Het waren lange, intense dagen: van 6 uur tot 22 a 23 uur, enkel pauzes om te eten. Naast de 'talleres' (workshops) waren er ook theoretische momenten voorzien. De nauwkeurig voorbereide powerpointpresentaties verdronken vaak in de vele vragen. Eens te meer een uiting van de motivatie die iedereen had.

Het lijkt vreemd dat er geen professionelen aanwezig waren op het congres - dat er in tegendeel zoveel patiënten waren. Toch is dit heel logisch. In vele TGs (zoals deze waar ik werk in Cusco) is geen geld om professionelen te verlonen. De patiënten die reeds langer in het centrum verblijven (de hermanos mayores) verzorgen dan de therapie. Congressen zoals deze trachten hen bagage mee te geven om dit te doen. (En trachten ook ale TGs op een lijn te krijgen om een sterker blok te kunnen vormen. TGs krijgen immers geen subsidies of andere hulp van de overheid, die hen tegelijk heel wat regels oplegt zoals een verplichte voltijdse psychiater, verpleegkundige en psycholoog en een ambulance.) Door de motivatie van de hermanos mayores, de kracht die ze uitstralen en hun ervaringsdeskundigheid kunnen ze soms zelfs meer bereiken dan een professionele hulpverlener. Ze hebben immers meer geloofwaardigheid. Een groot gemis in vele Belgische centra ...

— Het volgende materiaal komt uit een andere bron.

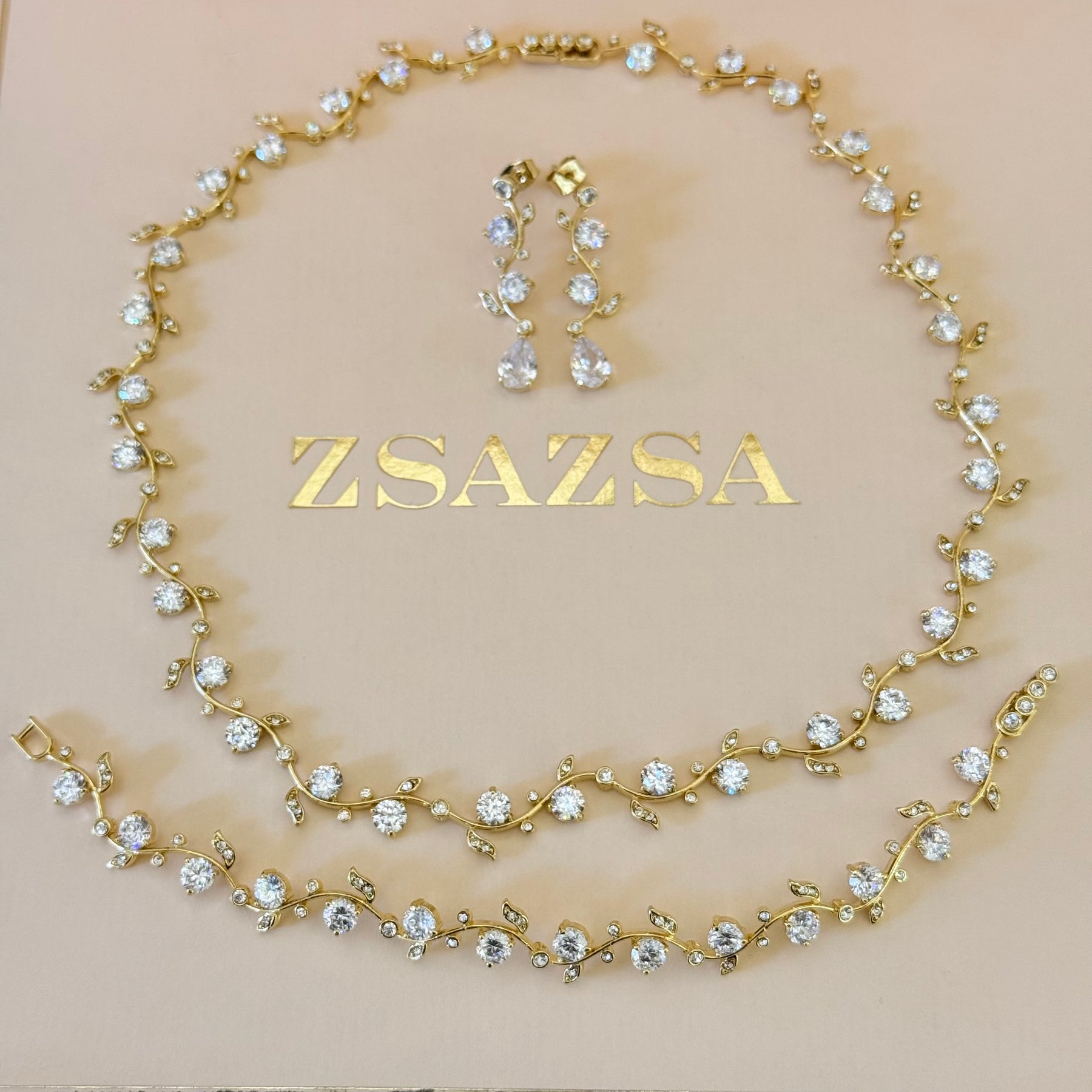 Elevate your special moments with the Teardrop and Leaves Zircone Gold Plated Set. This elegant jewelry set features intricate teardrop and leaf designs, perfect for brides looking to add a touch of romance to their ensemble. Its shimmering zircone accents ensure you feel beautifully radiant on your big day.

Het congres was ook heel boeiend omdat de TGs in volle groei zijn in Peru. De meeste bestaan slechts 4 a 5 jaar (een uitzondering meer dan 10 jaar) en overal borrelen er nieuwe op die teren op de enthousiaste kracht van een directeur die zelf ervaren heeft hoe diep je kan zitten.

Om af te sluiten een mooie opmerking die ik vaak heb horen vallen:
' La rehabilitación no es para muchos, es para machos.'

woensdag 22 oktober 2008

Nuevo Amanecer

Maandag ging ik van start in het nieuwe project. Nuevo Amanecer is een centrum voor alcohol- en drugsverslaafden met afdelingen in verschillende steden in Peru. De directeur van het centrum in Cusco is zelf een ex-verslaafde, die momenteel 6 jaar clean is.

Bij het kennismakingsgesprek vorige week kreeg ik mijn eerste indruk. Na een rondleiding van 2 minuten hadden ze mij de accomodatie reeds getoond. Er zijn twee grote slaapzalen voor in totaal 30 patiënten. De zalen zijn net groot genoeg om er stapelbedden in te proppen. Stapelbedden met dunne, doorleefde matrassen. De verslaafden lopen meestal op het kleine binnenplein rond, aangezien amper plaats is in de slaapzalen. Op de patio is ook een toilet zonder stromend water en een teracotta kookfornuis (een typisch oud Peruaans kookfornuis waar onderaan houtblokken ingaan om te stoken) onder een afdakje. De verslaafden blijven 14 maanden in het centrum. In tegenstelling tot in vele centra in België komen de patiënten er niet vrijwillig, maar worden ze er binnengebracht door familieleden. Dit maakt dat vele patiënten geen ziete-inzicht hebben. Hun motiveren is dus een belangrijke - en moeilijke - stap.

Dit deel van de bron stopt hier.